I'm aware that money is an expansive and multifaceted subject in videogames. Not everyone is coming from my income situation. There are those who can comfortably afford the latest releases, along with the jewel-encrusted chalices from which I assume they sup the tears of the impoverished. Idealistically, we should allow games to stand on their own merits, never factoring their price tag into how we engage with them. And, yes, I know buying used is not helping matters, as companies are now scrambling to find a way to make the most out of their initial sales.
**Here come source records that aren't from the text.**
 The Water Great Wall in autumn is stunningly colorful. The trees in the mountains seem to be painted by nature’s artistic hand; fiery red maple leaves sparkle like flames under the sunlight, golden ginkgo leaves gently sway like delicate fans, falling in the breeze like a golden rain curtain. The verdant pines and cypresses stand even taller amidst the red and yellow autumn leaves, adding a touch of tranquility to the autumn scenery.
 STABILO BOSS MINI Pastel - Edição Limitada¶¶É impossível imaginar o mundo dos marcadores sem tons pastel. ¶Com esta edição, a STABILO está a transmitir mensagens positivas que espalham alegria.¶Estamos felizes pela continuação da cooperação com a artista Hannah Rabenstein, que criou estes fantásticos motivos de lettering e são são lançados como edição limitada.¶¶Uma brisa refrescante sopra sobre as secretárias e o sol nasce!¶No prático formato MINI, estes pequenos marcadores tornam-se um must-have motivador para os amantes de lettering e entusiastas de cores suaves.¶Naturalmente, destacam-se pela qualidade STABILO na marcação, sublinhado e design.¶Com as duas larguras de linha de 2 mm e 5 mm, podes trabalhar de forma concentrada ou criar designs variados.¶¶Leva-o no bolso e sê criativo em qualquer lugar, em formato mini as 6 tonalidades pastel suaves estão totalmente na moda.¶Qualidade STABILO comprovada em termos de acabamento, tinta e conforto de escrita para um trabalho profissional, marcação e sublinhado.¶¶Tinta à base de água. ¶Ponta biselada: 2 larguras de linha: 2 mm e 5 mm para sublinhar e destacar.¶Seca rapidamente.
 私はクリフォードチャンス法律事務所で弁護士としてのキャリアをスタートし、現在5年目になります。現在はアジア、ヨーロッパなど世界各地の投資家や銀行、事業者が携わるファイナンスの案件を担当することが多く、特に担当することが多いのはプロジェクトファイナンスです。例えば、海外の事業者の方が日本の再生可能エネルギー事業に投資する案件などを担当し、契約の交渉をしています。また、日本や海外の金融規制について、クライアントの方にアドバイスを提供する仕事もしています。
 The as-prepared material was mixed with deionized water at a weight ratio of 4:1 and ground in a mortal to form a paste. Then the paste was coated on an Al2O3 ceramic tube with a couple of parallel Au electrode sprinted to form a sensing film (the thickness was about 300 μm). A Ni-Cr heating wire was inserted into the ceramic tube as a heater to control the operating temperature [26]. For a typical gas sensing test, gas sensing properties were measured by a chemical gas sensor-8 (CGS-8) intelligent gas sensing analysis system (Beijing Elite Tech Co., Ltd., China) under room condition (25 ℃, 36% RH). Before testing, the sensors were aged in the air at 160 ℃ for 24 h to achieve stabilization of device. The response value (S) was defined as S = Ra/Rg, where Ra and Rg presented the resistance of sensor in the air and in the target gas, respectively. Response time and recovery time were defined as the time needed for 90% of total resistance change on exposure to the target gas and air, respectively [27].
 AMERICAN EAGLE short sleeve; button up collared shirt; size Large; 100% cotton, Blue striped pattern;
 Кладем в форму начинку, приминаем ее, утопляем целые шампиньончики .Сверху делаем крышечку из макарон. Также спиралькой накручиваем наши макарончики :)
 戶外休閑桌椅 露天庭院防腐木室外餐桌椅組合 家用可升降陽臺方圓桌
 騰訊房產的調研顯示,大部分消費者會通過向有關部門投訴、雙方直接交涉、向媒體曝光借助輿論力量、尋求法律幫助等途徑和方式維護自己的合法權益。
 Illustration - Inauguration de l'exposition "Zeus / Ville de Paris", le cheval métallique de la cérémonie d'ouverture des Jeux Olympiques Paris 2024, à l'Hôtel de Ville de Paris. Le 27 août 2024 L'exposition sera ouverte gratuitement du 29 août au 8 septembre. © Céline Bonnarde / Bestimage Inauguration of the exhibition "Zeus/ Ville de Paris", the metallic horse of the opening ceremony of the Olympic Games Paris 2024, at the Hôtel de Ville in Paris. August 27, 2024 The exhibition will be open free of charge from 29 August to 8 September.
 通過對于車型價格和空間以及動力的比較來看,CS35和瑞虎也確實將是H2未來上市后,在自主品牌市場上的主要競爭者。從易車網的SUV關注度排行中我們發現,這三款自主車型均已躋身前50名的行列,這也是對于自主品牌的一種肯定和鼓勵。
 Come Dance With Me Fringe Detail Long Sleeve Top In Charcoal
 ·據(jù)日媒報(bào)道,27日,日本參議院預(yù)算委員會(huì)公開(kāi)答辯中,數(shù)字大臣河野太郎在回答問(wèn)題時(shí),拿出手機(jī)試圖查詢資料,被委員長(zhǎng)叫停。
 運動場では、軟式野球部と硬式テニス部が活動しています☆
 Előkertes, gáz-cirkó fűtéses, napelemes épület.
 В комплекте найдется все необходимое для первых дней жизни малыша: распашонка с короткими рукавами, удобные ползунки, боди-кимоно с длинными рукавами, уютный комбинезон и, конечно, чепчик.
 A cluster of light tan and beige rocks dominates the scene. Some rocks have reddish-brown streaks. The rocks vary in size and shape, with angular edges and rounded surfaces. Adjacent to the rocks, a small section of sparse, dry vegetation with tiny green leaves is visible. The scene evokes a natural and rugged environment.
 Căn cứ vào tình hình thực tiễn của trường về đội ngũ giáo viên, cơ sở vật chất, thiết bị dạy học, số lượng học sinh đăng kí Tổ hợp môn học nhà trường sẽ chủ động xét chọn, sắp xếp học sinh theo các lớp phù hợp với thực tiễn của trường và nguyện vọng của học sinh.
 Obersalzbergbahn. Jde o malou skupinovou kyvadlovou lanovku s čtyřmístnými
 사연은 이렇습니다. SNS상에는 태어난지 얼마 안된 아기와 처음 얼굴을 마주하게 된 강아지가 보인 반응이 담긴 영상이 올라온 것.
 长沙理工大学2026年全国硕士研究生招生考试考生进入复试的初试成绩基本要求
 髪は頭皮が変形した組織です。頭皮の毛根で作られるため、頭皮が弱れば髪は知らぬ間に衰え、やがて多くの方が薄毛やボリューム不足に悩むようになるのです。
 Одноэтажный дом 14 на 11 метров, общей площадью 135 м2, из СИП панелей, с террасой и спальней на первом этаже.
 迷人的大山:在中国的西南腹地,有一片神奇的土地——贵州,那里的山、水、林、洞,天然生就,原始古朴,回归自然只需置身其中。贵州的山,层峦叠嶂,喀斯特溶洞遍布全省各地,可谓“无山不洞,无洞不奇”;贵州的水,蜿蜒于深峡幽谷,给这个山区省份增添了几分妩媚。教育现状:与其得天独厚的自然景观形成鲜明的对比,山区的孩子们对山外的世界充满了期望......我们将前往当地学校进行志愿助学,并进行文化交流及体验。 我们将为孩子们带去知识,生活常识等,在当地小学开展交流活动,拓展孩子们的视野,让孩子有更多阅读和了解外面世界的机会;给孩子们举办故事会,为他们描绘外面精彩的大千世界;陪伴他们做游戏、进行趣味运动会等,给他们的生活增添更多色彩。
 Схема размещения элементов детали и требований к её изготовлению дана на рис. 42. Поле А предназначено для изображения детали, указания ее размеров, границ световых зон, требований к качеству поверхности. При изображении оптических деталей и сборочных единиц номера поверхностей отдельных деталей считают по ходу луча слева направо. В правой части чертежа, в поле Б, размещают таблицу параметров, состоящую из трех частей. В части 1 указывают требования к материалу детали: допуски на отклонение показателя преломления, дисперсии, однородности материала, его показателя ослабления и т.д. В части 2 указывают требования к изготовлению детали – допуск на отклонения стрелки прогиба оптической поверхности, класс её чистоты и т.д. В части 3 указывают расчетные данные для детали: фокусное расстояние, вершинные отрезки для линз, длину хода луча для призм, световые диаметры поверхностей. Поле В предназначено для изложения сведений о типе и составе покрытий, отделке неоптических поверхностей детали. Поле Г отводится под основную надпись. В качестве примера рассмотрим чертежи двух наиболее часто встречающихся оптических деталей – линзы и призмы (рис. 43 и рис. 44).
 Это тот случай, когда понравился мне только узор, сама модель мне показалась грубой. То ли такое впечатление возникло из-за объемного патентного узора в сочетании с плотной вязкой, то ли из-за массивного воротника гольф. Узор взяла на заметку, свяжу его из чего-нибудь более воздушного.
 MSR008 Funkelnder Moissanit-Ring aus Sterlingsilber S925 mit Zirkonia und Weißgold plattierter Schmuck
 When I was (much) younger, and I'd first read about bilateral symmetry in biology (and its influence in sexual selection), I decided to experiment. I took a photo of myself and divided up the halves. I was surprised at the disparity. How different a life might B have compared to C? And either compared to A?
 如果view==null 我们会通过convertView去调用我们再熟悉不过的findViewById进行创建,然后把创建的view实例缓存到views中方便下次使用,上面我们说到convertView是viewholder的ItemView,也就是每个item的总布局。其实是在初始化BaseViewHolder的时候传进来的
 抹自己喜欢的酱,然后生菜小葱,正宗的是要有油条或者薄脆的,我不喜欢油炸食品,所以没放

But with evolving technology and bloated budgets and the advent of DLC, games are only growing more expensive.  And with those rising prices comes an equally rising tide of bullshit. We live in an age where we have to honestly ask ourselves if we should expect videogames to be playable at launch. Where games that ship more than 3.5 million units are considered colossal failures. Where mom and pop developers are creating imaginative and indelible gaming experiences for a fraction of what it costs a major studio to stamp out another generic Assassin’s Creed or Call of Duty

These are the reasons I preach bargain gaming. It’s pure. It’s liberating. It frees you from the toxic expectations you attach to a game you've devoted a sizable chunk of your paycheck to. It allows you to combat the rampant consumer abuse perpetuated by companies who view their customers as rubes to be swindled. A bargain gamer is a better, happier gamer. 

Now if you’ll excuse me, I have a chewed-up copy of Mass Effect 3 to finish. And you won’t see me complaining about the original ending, because I now have like twenty different DLC conclusions to choose from, and one of them has to end in the Shephard and Wrex dream wedding I’ve always wanted.